When a friend read it and [said], "You got to make this movie, man," [Addison] said, "You think we can get financing?" They did. It was a process of studying his own struggle with trying to get a diagnosis of what was going on with him. He came up against different people in the medical profession that treated him differently. "Brah, it's nothing. It's not a problem," or, "Okay, you need drugs." 

He kept running into dead ends. You feel the frustration and pain and, frankly, comedy in "Hypochondriac' that Addison dealt with in going through his journey.

If you or someone you know needs help with mental health, please contact the Crisis Text Line by texting HOME to 741741, call the National Alliance on Mental Illness helpline at 1-800-950-NAMI (6264), or visit the National Institute of Mental Health website.

If you or anyone you know is having suicidal thoughts, please call the National Suicide Prevention Lifeline by dialing 988 or by calling 1-800-273-TALK (8255)​.

The depths of the human psyche

"Hypochondriac" has some pretty similar vibes to "Criminal Minds" in delving deep into the dark corners of the human psyche.
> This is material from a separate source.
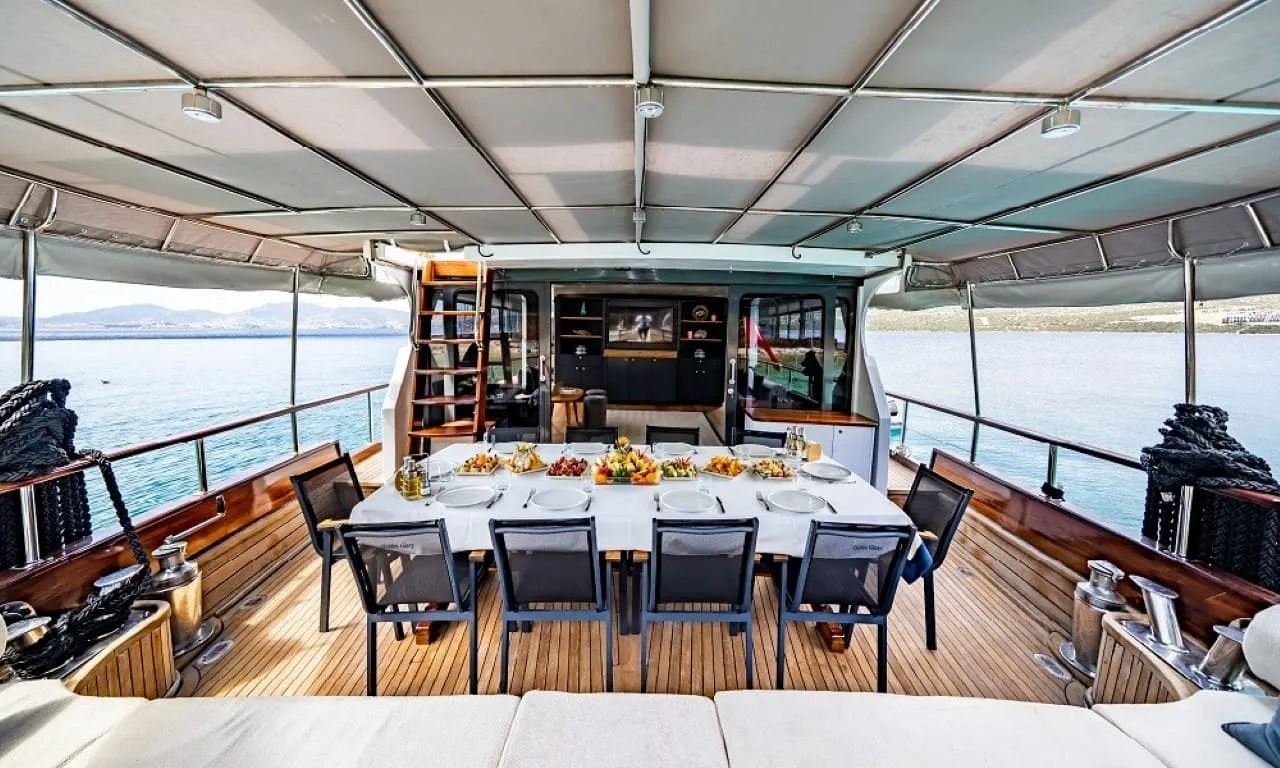 Teknemizde, her biri alanında deneyimli 4 kişilik mürettebat, tatiliniz boyunca seyir, servis, yemek, temizlik ve günlük aktivitelerin organizasyonu için siz değerli misafirlerimize hizmet vermektedir. Golden Glory ile Bodrum’un ve Ege’nin eşsiz koylarını keşfederken, konforun ve lüksün keyfini çıkarabilirsiniz.

Did you find that playing Prentiss helped you at all dive into the film's emotional material?

I wasn't aware of it. That's a really interesting question because I played Prentiss for so long that it's embedded in me. I wouldn't even recognize [it] because it's such a component of my character, myself, my id, that I wouldn't even know, "Oh yeah. I'm aware of this from playing Prentiss." 

I look good in navy blue. That came from the bulletproof vest. I wore navy in "Hypochondriac," but that sounds like a really flippant answer. I don't know if it informed how I looked at it. I wanted to service the script that I read and the writer, director, and Zach Villa, who plays Will, because I admire him so much and was so excited that I got to work with him.

He turned out to be even more of a dream than I thought, because it's such a difficult part to play. As an actor, he could have been protecting himself and very insulated and inward and not welcoming or not generous, and I would've understood that. Playing the part he was playing is really emotionally upsetting and exhausting, but in person, he was [like], "Oh, hi. Hey, I'm so happy you're here. Lovely." 

It was easy being empathetic and quiet and listening in working with him. As an actress and playing that psychiatrist, it was very easy. He made everything very easy, and he had the hardest job of all. I can't speak more highly of him.

Saying goodbye to a Criminal Minds staple

Speaking of "Criminal Minds," Matthew Gray Gubler has been a part of "Criminal Minds" since you signed on, but he's not in the reboot. Was it weird at all not having him there during filming, and can you tease anything about where Prentiss and the rest of the BAU are during the reboot?

Matthew was the only person in the last two seasons that had been in every single episode. He did 15 years straight through. From 25 to 40, the guy was on one show, and that's when we shot 22, 24 episodes a year. He was never able to go do other stuff, so I understand. He wants to direct. He graduated from NYU to direct, and his first audition was "Criminal Minds." 

Imagine you never expected to be an actor and then suddenly it's 15 years of your life. I understand why. I'm hoping he changes his mind, but I understand why he wants to do other things. I was gone from "Criminal Minds" for four years. I got to do a ton of other things that enriched my life and my resume, and my education, so I understand how he feels.

Daniel Henney is on "Wheel of Time" [that] shoots in Prague. They're picked up for a few more years. Daniel won't be able to rejoin us, but life is weird, and things happen. We don't know what's going to happen. I can't tell you what I know about where we are — where "Criminal Minds" starts up — but I can tell you it's really good. We start shooting [on] August 8th. That's all I can tell you.

"Hypochondriac" premieres in select theaters July 29 and will be available on demand and digital August 4.

This interview has been edited for clarity.